One of the more striking cases involved a 66-year old professional man whose neuropsychological testing was compatible with a diagnoses of MCI and whose PET scan showed reduced glucose utilization indicative of AD. An MRI showed hippocampal volume at only the 17th percentile for his age. After 10 months on the protocol a follow-up MRI showed a dramatic increase of his hippocampal volume to the 75th percentile, with an associated absolute increase in volume of nearly 12 percent.

In another instance, a 69-year old professional man and entrepreneur, who was in the process of shutting down his business, went on the protocol after 11 years of progressive memory loss. After six months, his wife, co-workers and he noted improvement in memory. A life-long ability to add columns of numbers rapidly in his head returned and he reported an ability to remember his schedule and recognize faces at work. After 22 months on the protocol he returned for follow-up quantitative neuropsychological testing; results showed marked improvements in all categories with his long-term recall increasing from the 3rd to 84th percentile. He is expanding his business.

Another patient, a 49-year old woman who noted progressive difficulty with word finding and facial recognition went on the protocol after undergoing quantitative neuropsychological testing at a major university. She had been told she was in the early stages of cognitive decline and was therefore ineligible for an Alzheimer’s prevention program. After several months on the protocol she noted a clear improvement in recall, reading, navigating, vocabulary, mental clarity and facial recognition. Her foreign language ability had returned. Nine months after beginning the program she did a repeat of the neuropsychological testing at the same university site. She no longer showed evidence of cognitive decline.

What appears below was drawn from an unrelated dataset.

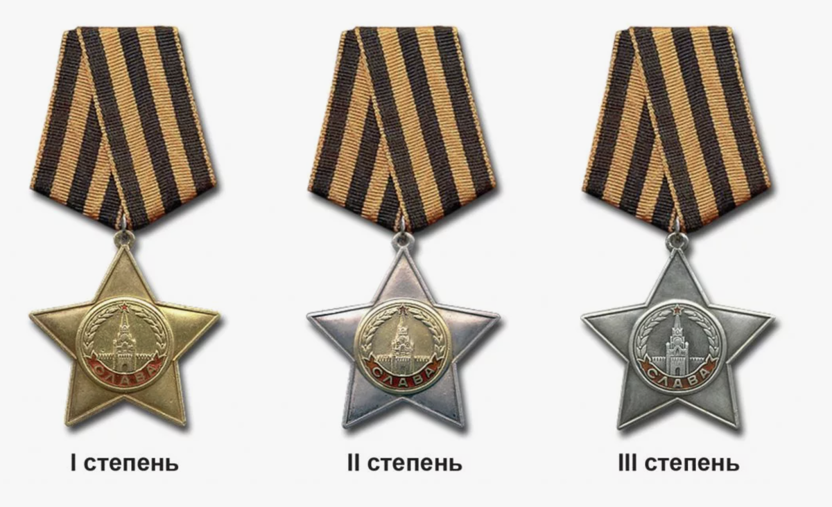 Орден Славы имеет три степени, из которых знак ордена высшей, I степени — золотой, а II и III — серебряные (у знака второй степени позолоченный центральный медальон). Согласно статуту ордена, награждения должны производиться в порядке строгой последовательности — от низшей степени к высшей.

All but one of the ten patients included in the study are at genetic risk for AD, carrying at least one copy of the APOE4 allele. Five of the patients carry two copies of APOE4 which gives them a 10-12 fold increased risk of developing AD. “We’re entering a new era,” said Bredesen. “The old advice was to avoid testing for APOE because there was nothing that could be done about it. Now we’re recommending that people find out their genetic status as early as possible so they can go on prevention.” Sixty-five percent of the Alzheimer’s cases in this country involve APOE4; with seven million people carrying two copies of the ApoE4 allele.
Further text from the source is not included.